- _TASK GOAL_: In the listing below, locate the line containing "Рисунок 2.2 –" and the line containing "більшість дітей булять". Output both of them and every line between, exactly as written, and nothing more.

- _MATERIAL FOR THIS EXERCISE_:
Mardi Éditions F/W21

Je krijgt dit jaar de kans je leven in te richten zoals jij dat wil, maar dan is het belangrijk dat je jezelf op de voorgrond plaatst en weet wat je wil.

--

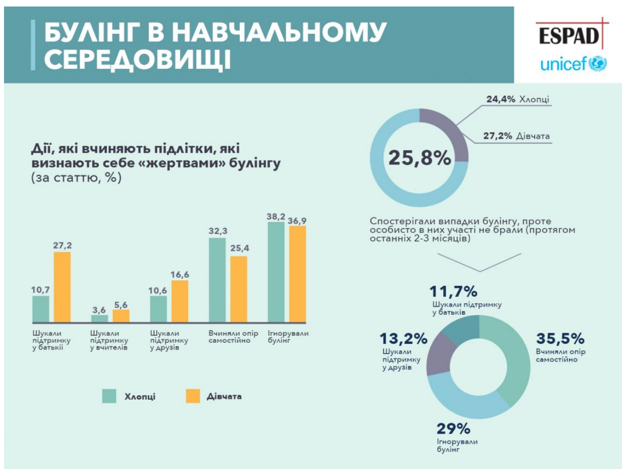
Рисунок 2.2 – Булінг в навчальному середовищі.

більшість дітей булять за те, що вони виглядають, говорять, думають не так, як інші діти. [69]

- _SOLUTION TO THIS TASK_:
Рисунок 2.2 – Булінг в навчальному середовищі.

більшість дітей булять за те, що вони виглядають, говорять, думають не так, як інші діти. [69]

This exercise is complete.